L’effetto che ha la concentrazione di stranieri in città è però molto evidente e i numeri del nostro esperimento sociale lo confermano. Chi vive in città o nelle zone limitrofe ha una percezione più elevata del numero di stranieri residenti rispetto a chi vive in zone più rurali, questo forse anche perché il centro città è caratterizzato dalla tanto temuta presenza di cittadini non regolari, tema che anche i nostri politici locali rivangano da anni. Questo aspetto ce lo conferma Aurora, una delle nostre giovani intervistate: «quando esco in città ad impatto visivo mi sembra ci siano più stranieri che italiani. Penso, ad esempio a piazza Dante e a chi ci “lavora” o penso a determinati posti dove c’è un concentramento di stranieri, tipo il T8, –una discoteca a nord della città– che non è tipicamente frequentata da italiani». Ma è così importante a livello numerico questa fetta di popolazione?
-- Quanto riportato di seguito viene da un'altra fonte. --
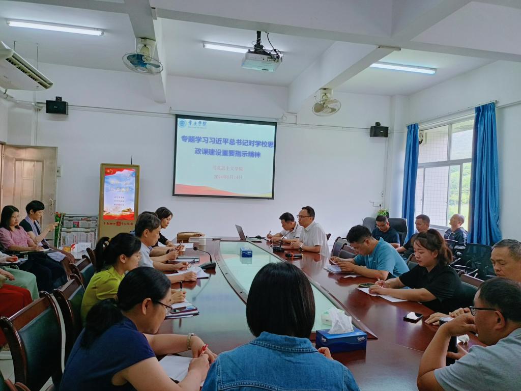 本网讯 5月14日,williamhill威廉希尔官网组织全体教师专题学习习近平总书记对学校思政课建设作出的重要指示精神。副院长谢石生主持。

«Questo si chiama “effetto visibilità” – spiega Sciortino – Non vediamo la gente che richiede mutui, che compera casa e che sono migliaia ma ci soffermiamo su quelli che stanno in Piazza Dante, che sono numericamente inferiori di molto ma paradossalmente danno più nell’occhio. È lo straordinario che ci attira».
Sull’aspetto dei media come divulgatori di informazioni mirate a incanalare la visione del pubblico in una direzione piuttosto che in un’altra, le teorie della sociologia sono contrastanti. «Le ricerche –afferma il professore–sono molto divise a riguardo. A molti piace l’idea dei media come fomentatori d’odio ma, in realtà, i telespettatori, perché parliamo di televisione come principale mass media, a mio avviso, sono più scafati di quanto non sembri. Altri sostengono il contrario, ovvero, che siano proprio i giornalisti a seguire l’interesse pubblico parlando di quello che piace e che viene maggiormente ascoltato. In fin dei conti, la diffusione di questo tipo di notizie è un dato piuttosto costante, sale nei momenti di campagna elettorale ma non ritengo abbia un impatto particolarmente significativo sulla percezione degli stranieri».